=== Section Start ===

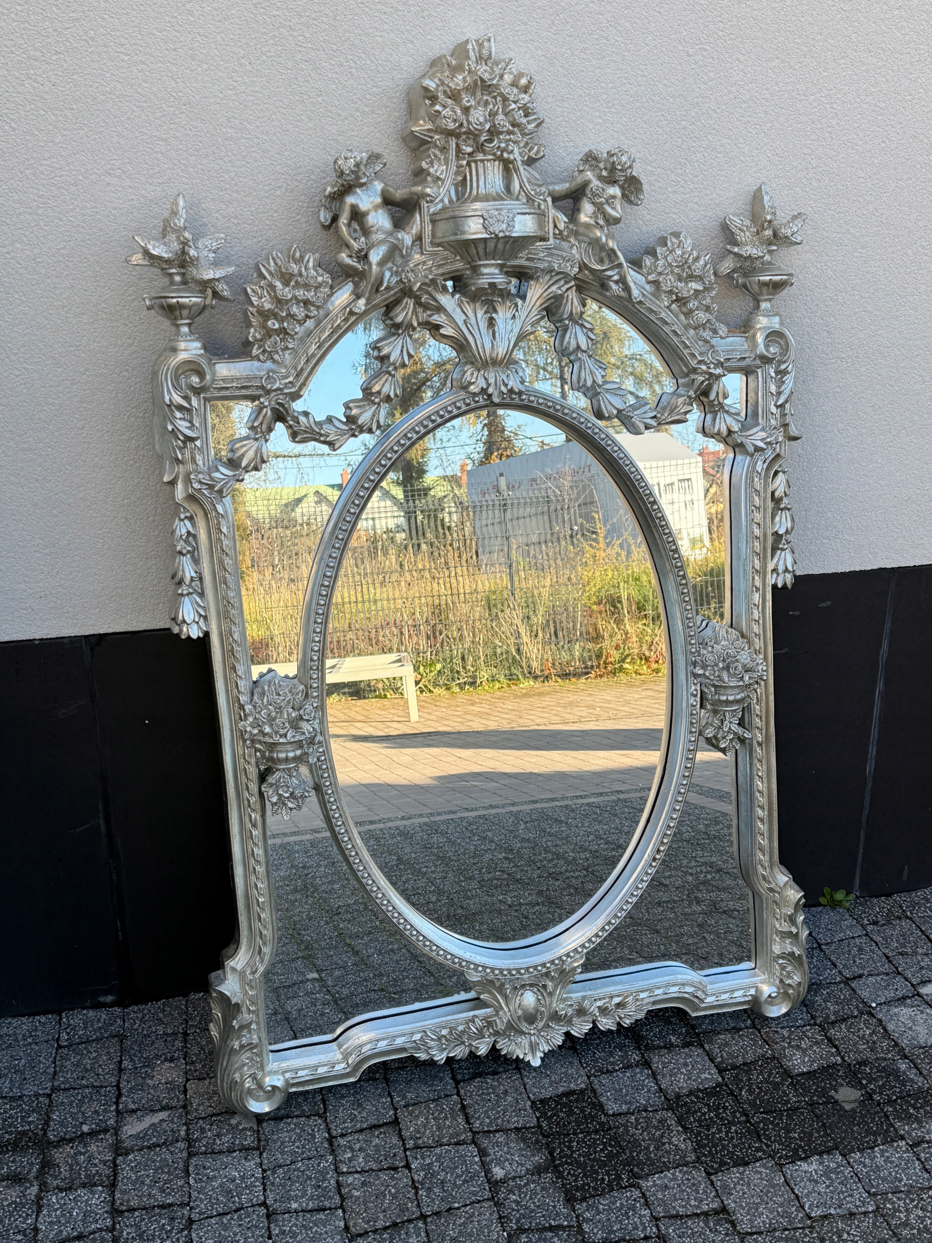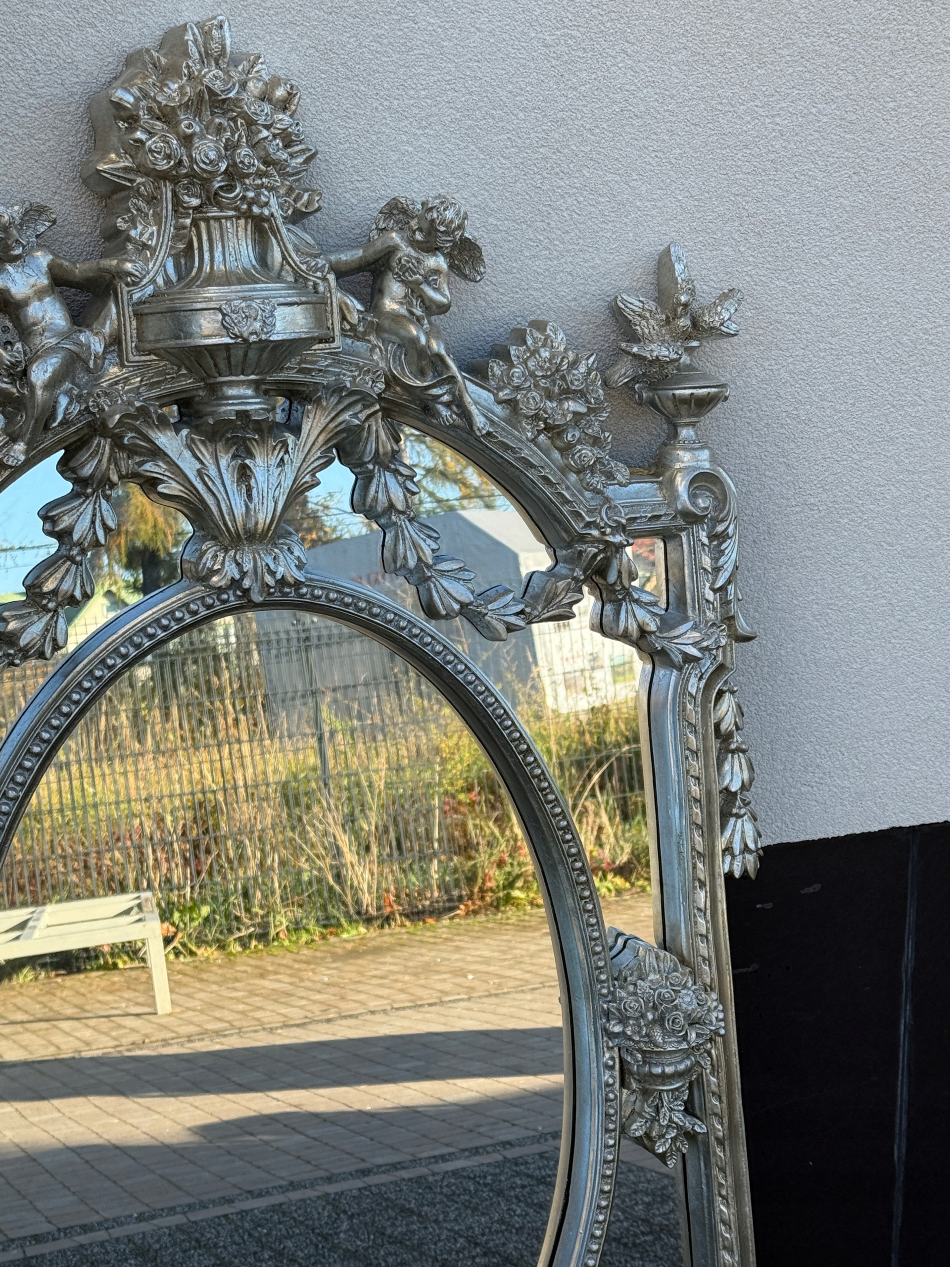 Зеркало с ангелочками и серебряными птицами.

=== Section End ===
=== Section Start ===

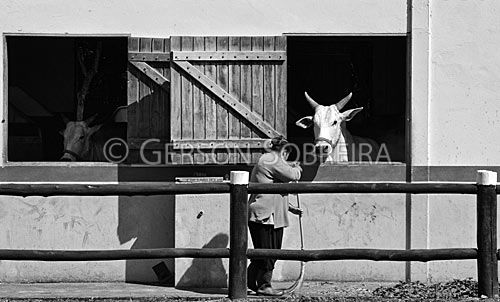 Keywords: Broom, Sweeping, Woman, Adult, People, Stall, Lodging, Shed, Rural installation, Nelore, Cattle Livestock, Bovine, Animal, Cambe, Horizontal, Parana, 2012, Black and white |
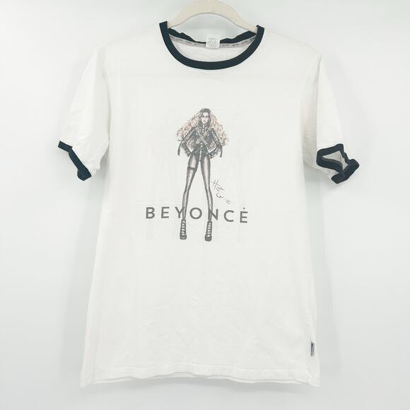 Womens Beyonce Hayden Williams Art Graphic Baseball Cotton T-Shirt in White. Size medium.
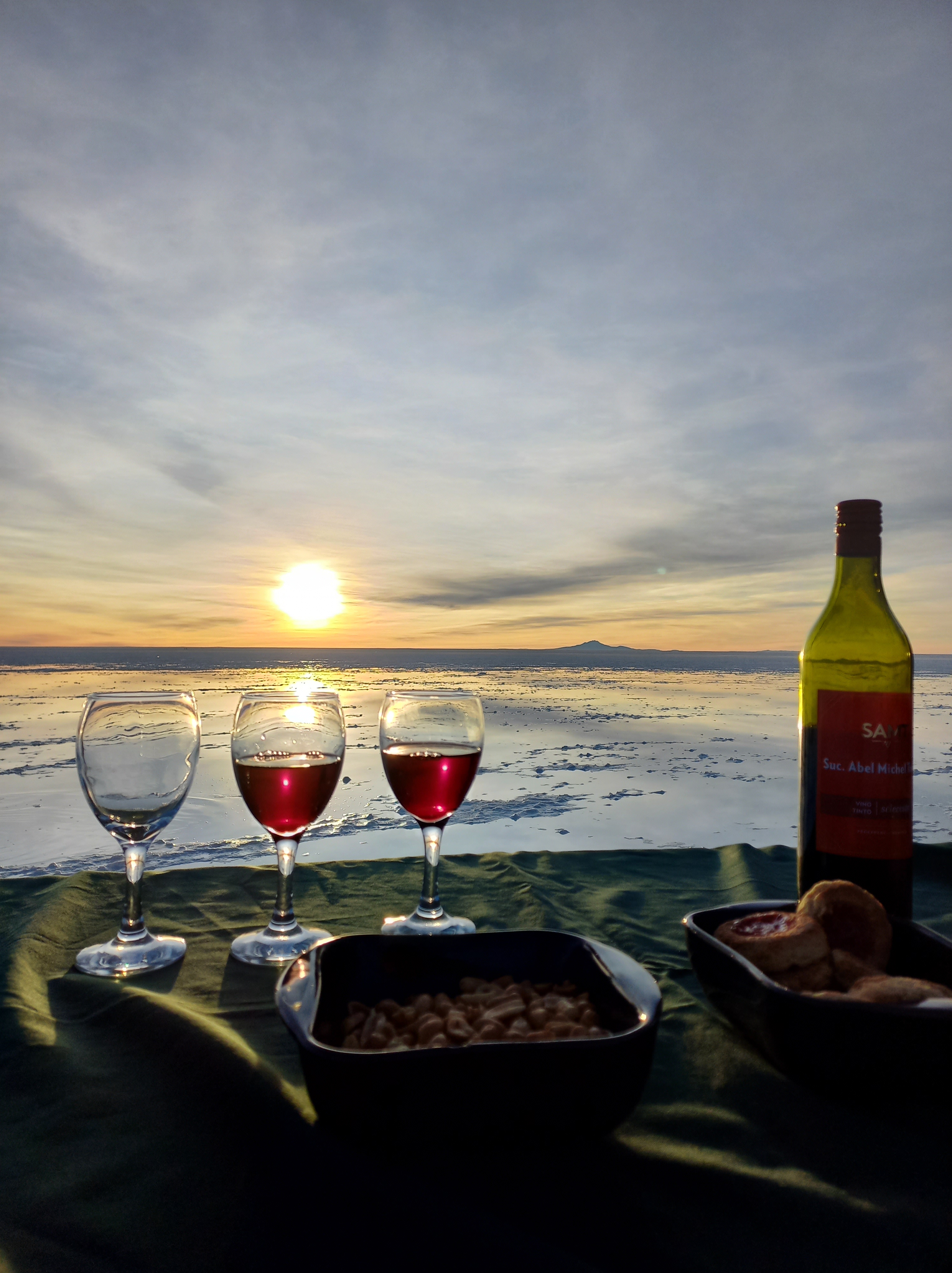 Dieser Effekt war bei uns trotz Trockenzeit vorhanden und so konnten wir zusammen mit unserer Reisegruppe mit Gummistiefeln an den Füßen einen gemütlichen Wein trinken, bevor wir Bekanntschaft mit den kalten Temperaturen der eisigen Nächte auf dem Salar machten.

=== Section End ===
=== Section Start ===

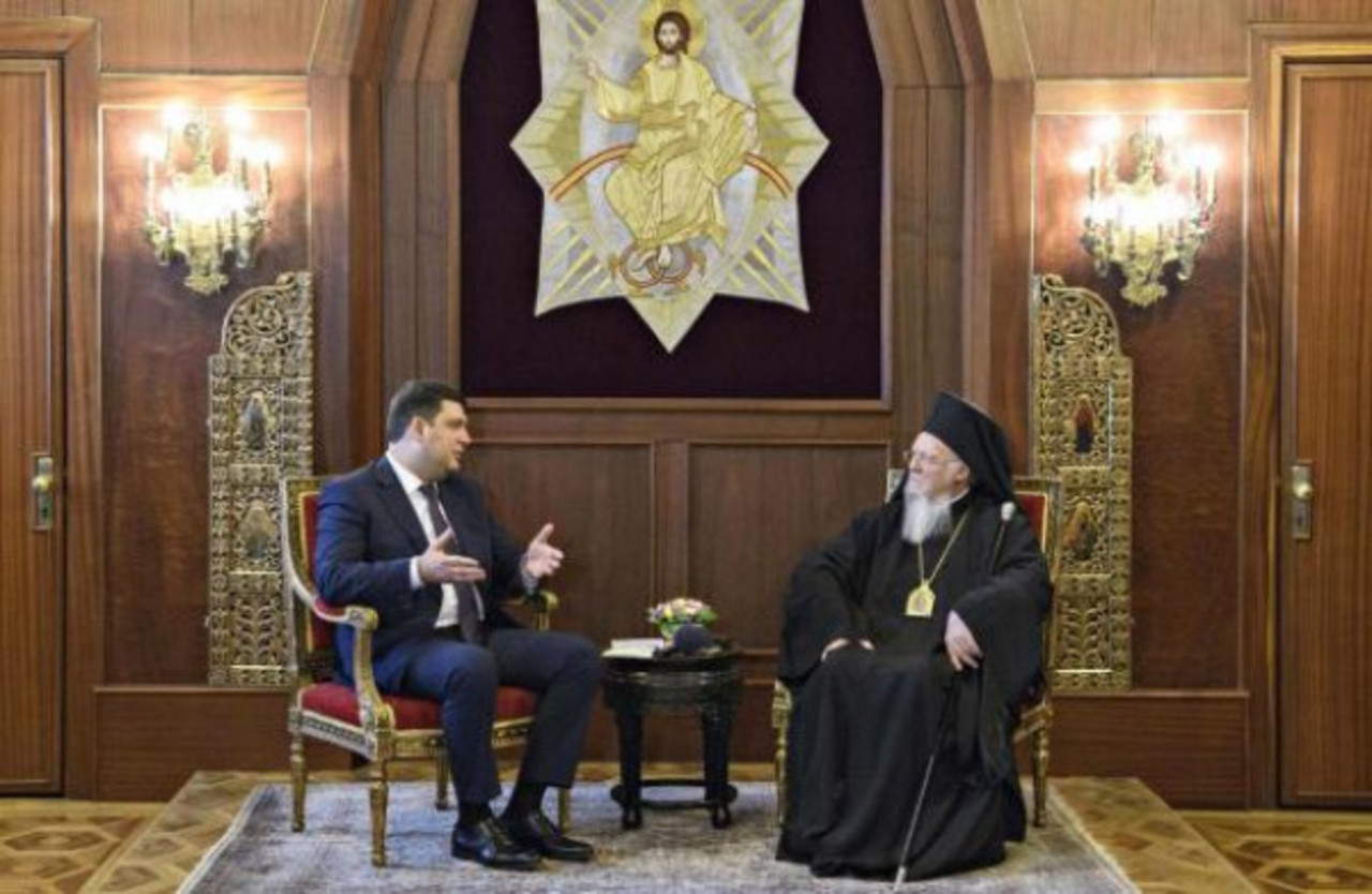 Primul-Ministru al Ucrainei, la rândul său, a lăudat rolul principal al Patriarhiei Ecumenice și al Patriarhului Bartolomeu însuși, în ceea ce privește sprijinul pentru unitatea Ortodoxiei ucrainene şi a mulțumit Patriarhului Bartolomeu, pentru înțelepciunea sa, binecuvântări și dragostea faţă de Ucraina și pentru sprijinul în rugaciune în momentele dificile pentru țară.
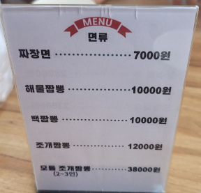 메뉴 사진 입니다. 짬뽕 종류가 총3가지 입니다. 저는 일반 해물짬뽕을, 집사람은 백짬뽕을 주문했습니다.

=== Section End ===

WORK REQUEST:
From the records above, output only the lines starting at the one containing "Primul-Ministru al Ucrainei, la" and ending at the one containing "메뉴 사진 입니다. 짬뽕", word for word. Pictures stay out.

SOLUTION TO THE PROBLEM:
 Primul-Ministru al Ucrainei, la rândul său, a lăudat rolul principal al Patriarhiei Ecumenice și al Patriarhului Bartolomeu însuși, în ceea ce privește sprijinul pentru unitatea Ortodoxiei ucrainene şi a mulțumit Patriarhului Bartolomeu, pentru înțelepciunea sa, binecuvântări și dragostea faţă de Ucraina și pentru sprijinul în rugaciune în momentele dificile pentru țară.
 메뉴 사진 입니다. 짬뽕 종류가 총3가지 입니다. 저는 일반 해물짬뽕을, 집사람은 백짬뽕을 주문했습니다.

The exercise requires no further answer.